- DATASET EXTRACT:
*****

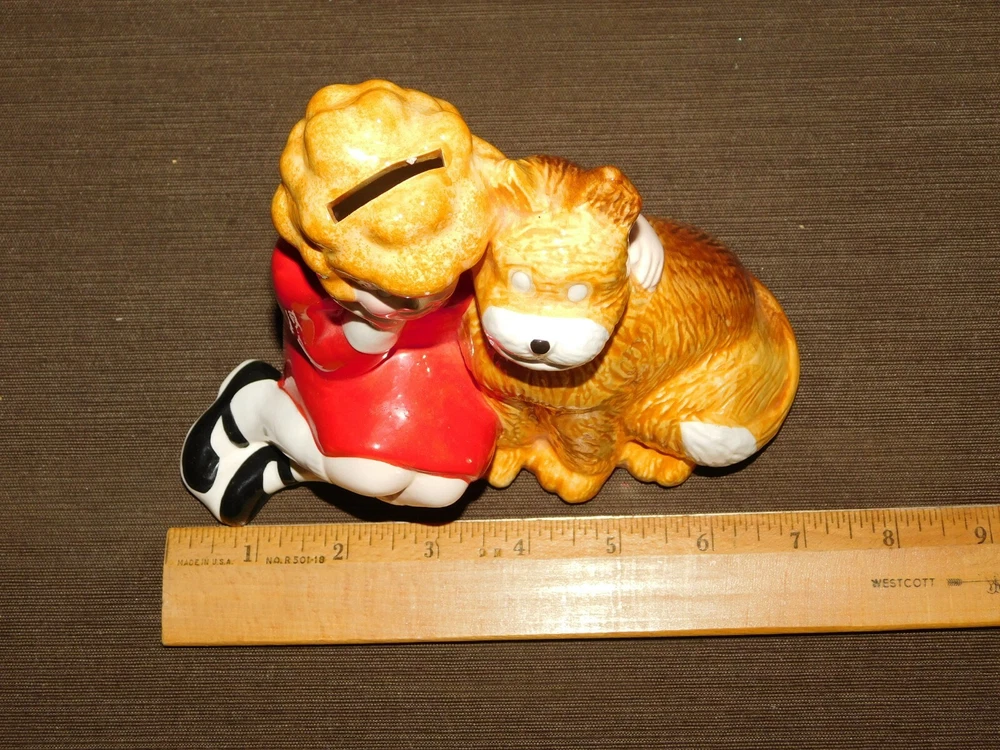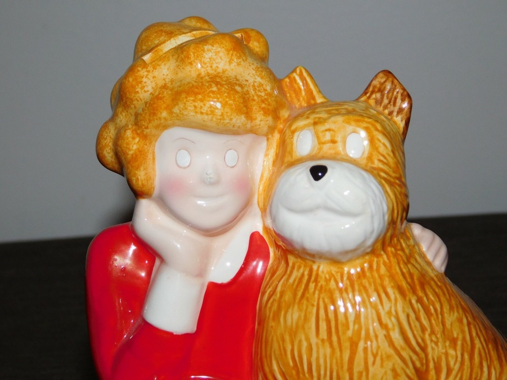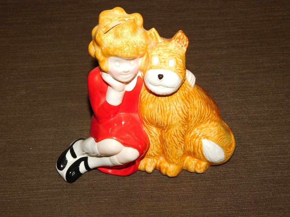YOU ARE BIDDING ON....... VINTAGE LITTLE ORPHAN TOY 1982 KNICKERBOCKER 5 3/4" ANNIE & DOG CERAMIC BANK .. . SOME HANDLING WEAR/AGE DISCOLORATION. .PLEASE VIEW PHOTOS FOR CONDITION.***PLEASE E-MAIL IF YOU HAVE A QUESTION OR WANT AN ADDITIONAL PICTURE....PLEASE VISIT MY EBAY STORE FOR ADDITIONAL VINTAGE ITEMS..THANK YOU***8S BX1876-10101010
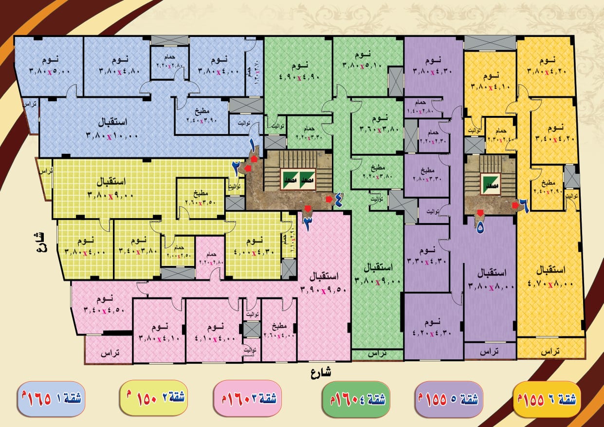 | 6 | التاسع | 155 م | 1,050,000 | 575,000 | 43,800 × 12 شهر |
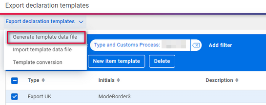 - From the specific declaration type templates menu (in this example: Export declaration templates menu) select Generate template data file.

*****

- PROBLEM DETAILS: Exclude images. Return the data above verbatim.

- THE ANSWER:
YOU ARE BIDDING ON....... VINTAGE LITTLE ORPHAN TOY 1982 KNICKERBOCKER 5 3/4" ANNIE & DOG CERAMIC BANK .. . SOME HANDLING WEAR/AGE DISCOLORATION. .PLEASE VIEW PHOTOS FOR CONDITION.***PLEASE E-MAIL IF YOU HAVE A QUESTION OR WANT AN ADDITIONAL PICTURE....PLEASE VISIT MY EBAY STORE FOR ADDITIONAL VINTAGE ITEMS..THANK YOU***8S BX1876-10101010
 | 6 | التاسع | 155 م | 1,050,000 | 575,000 | 43,800 × 12 شهر |
 - From the specific declaration type templates menu (in this example: Export declaration templates menu) select Generate template data file.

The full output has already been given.